In research for their new book, Richard Arum and Josipa Roksa found a surprising consensus among faculty members about what competencies and concepts a particular discipline should teach.Jay Premack for The Chronicle

A new book from the authors of Academically Adrift: Limited Learning on College Campuses seeks to answer one of the main critiques of that widely read 2011 study.

One knock on that book, by Richard Arum and Josipa Roksa, is that they relied largely on scores from a standardized test to support their conclusions that many students don’t learn much during college. The test they used, the Collegiate Learning Assessment, or CLA, measures critical thinking as a generalized trait, one that’s not attached to a specific discipline.

But is it fair, critics asked, to test students on a generalized skill when the most substantive learning they do takes place in a discipline? Shouldn’t we be paying attention to what students are learning in their majors?

Mr. Arum and Ms. Roksa agreed. Improving Quality in American Higher Education (Jossey-Bass), which they edited with Amanda Cook, a program manager at the American Association of State Colleges and Universities, describes the work of the Measuring College Learning Project.

It is a faculty-led effort to define the core ideas and fundamental practices underpinning biology, business, communications, economics, history, and sociology, which collectively account for more than 35 percent of American bachelor’s degrees. Scholars met over two years and were guided by past efforts in their field. For each discipline, a dozen or so faculty members (70 total) staked out lists of two things, concepts and competencies, a framework that emerged from the biologists’ group. An example of an essential concept from that discipline is evolution; a competency is arguing from evidence.

In a conversation with The Chronicle, Mr. Arum, who is leaving New York University this month to become dean of the School of Education at the University of California at Irvine, and Ms. Roksa, an associate professor of sociology and education at the University of Virginia, discussed the need for disciplinary consensus, how faculty members might use the fruits of the project, and how this work might result in better tests. This interview has been edited for length and clarity.

Q. What need do you think the Measuring College Learning Project fills?

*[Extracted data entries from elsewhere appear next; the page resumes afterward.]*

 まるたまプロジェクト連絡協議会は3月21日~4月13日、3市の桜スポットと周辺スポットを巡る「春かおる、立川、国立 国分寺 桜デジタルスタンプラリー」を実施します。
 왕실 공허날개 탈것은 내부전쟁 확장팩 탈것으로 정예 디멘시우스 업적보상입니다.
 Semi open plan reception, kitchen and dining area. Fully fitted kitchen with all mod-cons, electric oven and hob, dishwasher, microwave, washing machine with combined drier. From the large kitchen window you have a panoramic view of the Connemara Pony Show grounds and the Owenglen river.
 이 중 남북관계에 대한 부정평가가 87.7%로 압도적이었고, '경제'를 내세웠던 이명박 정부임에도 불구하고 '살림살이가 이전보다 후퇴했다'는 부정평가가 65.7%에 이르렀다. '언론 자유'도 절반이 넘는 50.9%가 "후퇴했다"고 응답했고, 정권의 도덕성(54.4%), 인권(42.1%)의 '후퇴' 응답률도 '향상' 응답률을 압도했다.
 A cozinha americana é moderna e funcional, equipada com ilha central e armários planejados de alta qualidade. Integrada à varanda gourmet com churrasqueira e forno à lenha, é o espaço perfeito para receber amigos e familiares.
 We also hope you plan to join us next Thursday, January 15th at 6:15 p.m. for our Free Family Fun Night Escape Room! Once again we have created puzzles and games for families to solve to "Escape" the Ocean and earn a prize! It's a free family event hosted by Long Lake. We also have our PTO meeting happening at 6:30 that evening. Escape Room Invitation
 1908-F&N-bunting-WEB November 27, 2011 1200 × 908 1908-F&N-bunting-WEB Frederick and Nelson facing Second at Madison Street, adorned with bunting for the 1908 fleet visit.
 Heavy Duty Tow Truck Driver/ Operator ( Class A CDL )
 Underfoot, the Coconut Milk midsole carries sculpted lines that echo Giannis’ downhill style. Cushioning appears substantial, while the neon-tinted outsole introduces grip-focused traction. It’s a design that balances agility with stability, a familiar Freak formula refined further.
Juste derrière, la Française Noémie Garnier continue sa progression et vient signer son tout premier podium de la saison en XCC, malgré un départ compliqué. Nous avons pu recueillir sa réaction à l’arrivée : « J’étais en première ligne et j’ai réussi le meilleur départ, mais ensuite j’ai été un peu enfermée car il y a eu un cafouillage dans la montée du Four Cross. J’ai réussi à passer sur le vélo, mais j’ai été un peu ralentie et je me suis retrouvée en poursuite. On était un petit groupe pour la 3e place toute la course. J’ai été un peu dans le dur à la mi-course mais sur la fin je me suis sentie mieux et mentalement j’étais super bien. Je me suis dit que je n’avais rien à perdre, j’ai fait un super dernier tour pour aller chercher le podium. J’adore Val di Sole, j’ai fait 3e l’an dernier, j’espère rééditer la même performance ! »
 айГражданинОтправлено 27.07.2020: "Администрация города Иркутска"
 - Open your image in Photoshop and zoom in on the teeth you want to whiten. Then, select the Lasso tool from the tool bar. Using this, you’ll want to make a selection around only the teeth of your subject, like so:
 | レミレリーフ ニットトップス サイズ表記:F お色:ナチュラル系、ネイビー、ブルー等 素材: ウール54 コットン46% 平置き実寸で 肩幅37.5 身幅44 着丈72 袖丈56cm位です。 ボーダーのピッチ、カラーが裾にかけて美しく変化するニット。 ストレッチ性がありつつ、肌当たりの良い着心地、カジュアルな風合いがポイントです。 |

Mr. Arum. There were multiple needs. One of the responses to Academically Adrift was a critique from colleagues that a generic measure of critical thinking, complex reasoning, and writing did not do justice to what faculty within disciplines were working to develop in their students. Another reason is that, like everyone working in higher education, we look around us at the efforts to measure higher-education outcomes with what Josipa and I see as inadequate and wrongheaded approaches. That is, often looking at distal labor-market outcomes.

Q. Meaning things like first-year earnings?

Mr. Arum. Yeah, or earnings six years out, labor-market outcomes that colleges and universities have a very imperfect and weak influence over, rather than outcomes that, in fact, they have responsibility for helping their students to achieve.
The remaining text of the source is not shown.